An ideal Diesel cycle has a maximum cycle temperature of 2000°C. The state of the air at the beginning of the compression is P1 = 95 kPa and T1 = 15°C. This cycle is executed in a four-stroke, eight-cylinder engine with a cylinder bore of 10 cm and a piston stroke of 12 cm. The minimum volume enclosed in the cylinder is 5 percent of the maximum cylinder volume. Determine the power produced by this engine when it is operated at 1500 rpm. Use constant specific heats at room temperature.

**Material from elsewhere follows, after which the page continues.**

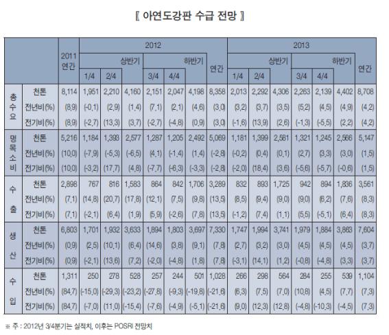 2013년에는 신규설비 가동과 내수 증가로 인해 생산에서 3.7%의 증가세가 이어질 전망이다. 특히 하이스코의 생산능력이 확대되면서 2.8%의 증가세를 이어갈 것으로 예상된다.
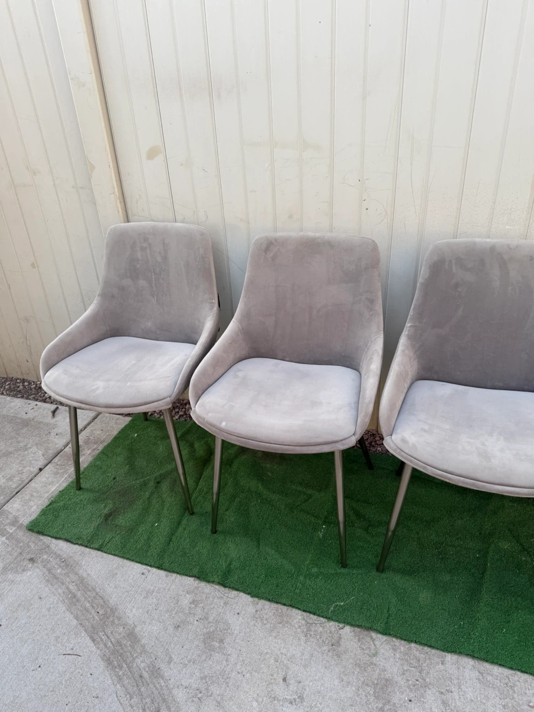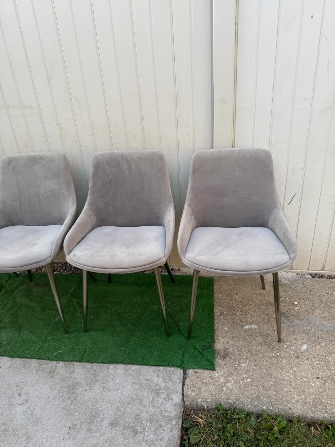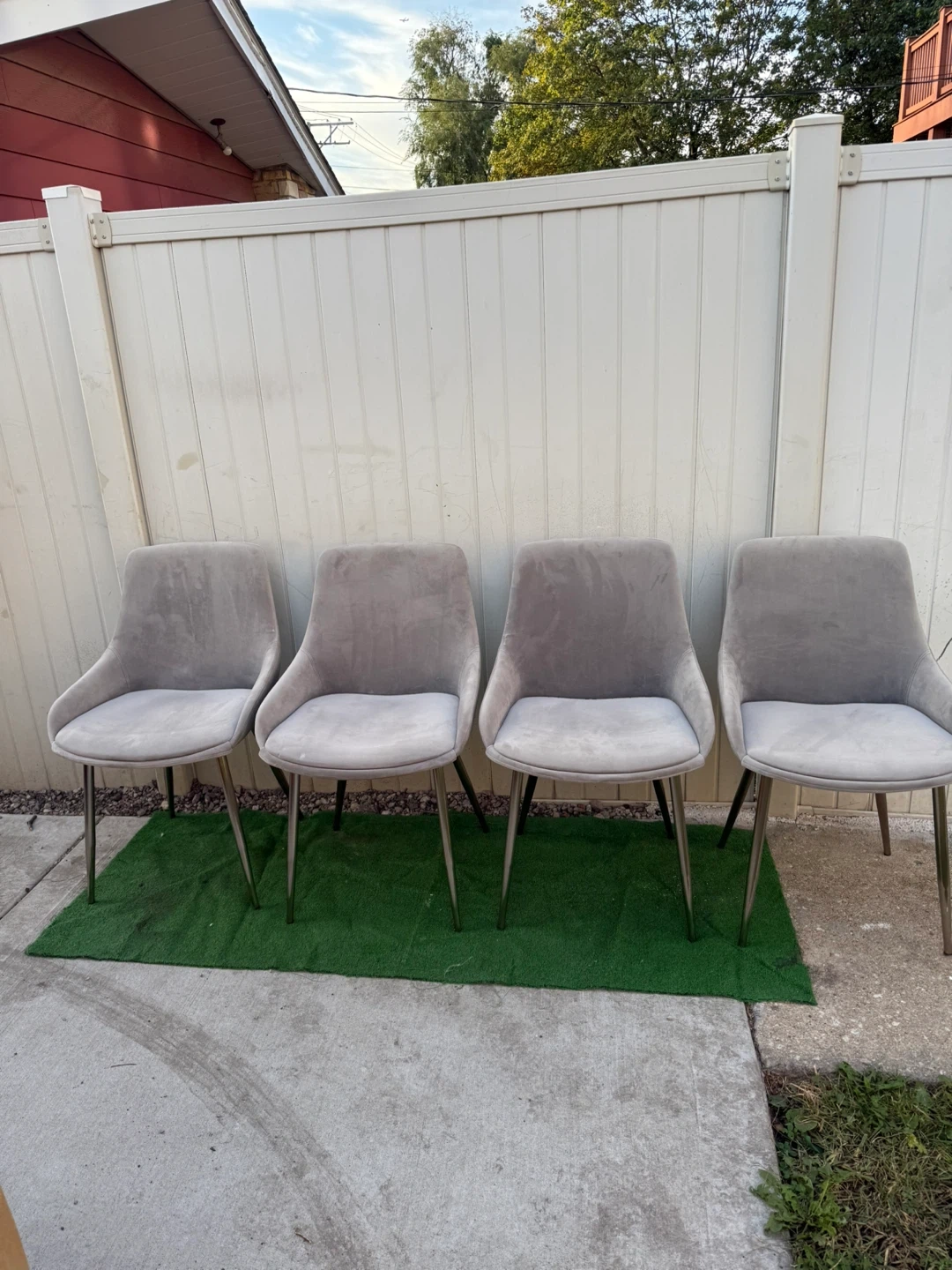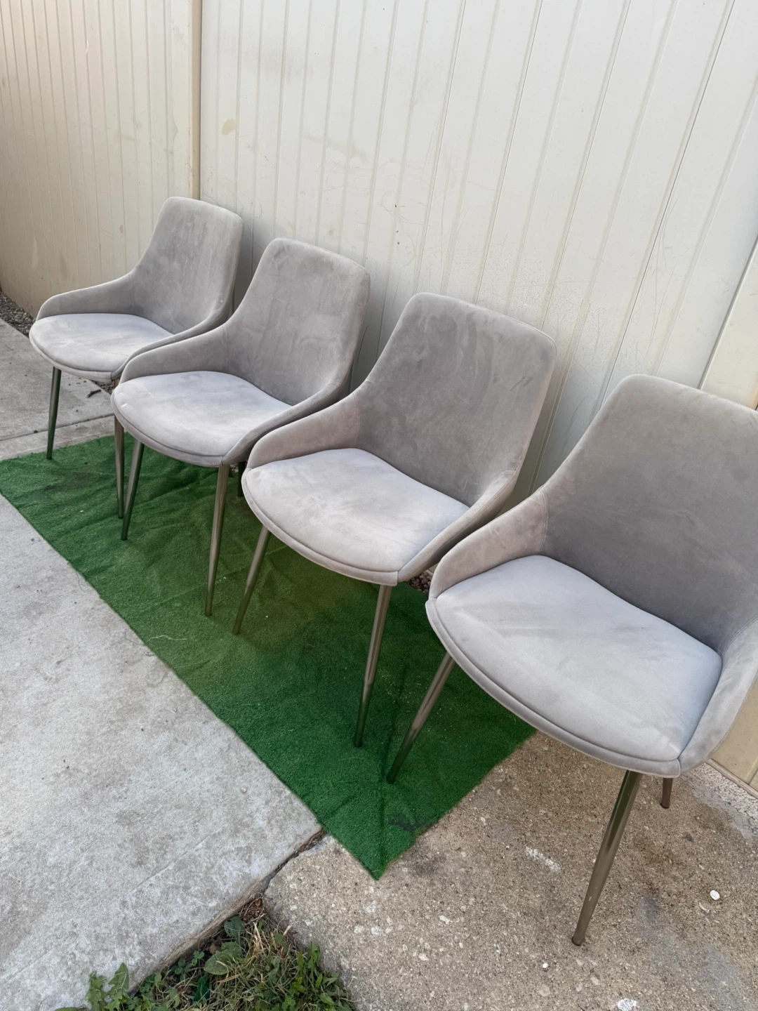 Selling a set of four stylish dining chairs! They feature a soft gray velvet upholstery and sleek metal legs. These chairs would look great in any dining room or kitchen space. They are in good condition and ready for a new home

The properties of air at room temperature are cp = 1.005 kJ/kg·K, cv = 0.718 kJ/kg·K, R = 0.287 kJ/kg·K, and k = 1.4.

Power produced = 90.47 KW

Explanation:

We are given;

R = 0.287 kJ/kg·K

T1 = 15°C = 15 + 273 = 288 K

P1 = 95 KPa

Number of cylinders; N_cyl = 8

Bore; B = 10cm = 0.1m

Stroke; S = 12cm = 0.12m

cp = 1.005 kJ/kg·K

cv = 0.718 kJ/kg·K

k = 1.4

First of all let's find the initial specific volume;

α1 = RT1/P1

α1 = 0.287 * 288/95

α1 = 0.87 m³/kg

Now, let's find the total mass of air from the formula;

m = (V•N_cyl) / α1 = (B²•N_cyl•S•π) / 4α1

So, m = (B²•N_cyl•S•π) / 4α1

m = (0.1²•8•0.12•π) / (4*0.87)

m = 0.00867 Kg

Now, let's calculate the total mass flow rate;

m' = (m*N_rev) / n'

Where;

N_rev is number of revolutions given as 1500 rpm = 1500/60 rev/s = 25 rev/s

n' is the repetitions per circle = 2.

Thus;

m' = (0.00867*25) / 2

m' = 0.108375 kg/s

The temperature at state 2 is gotten from the formula;

T2 = T1*r^ (k - 1)

Where r is compression ratio.

We know that formula for compression ratio is;

the ratio of the maximum to minimum volume in the cylinder of an internal combustion engine.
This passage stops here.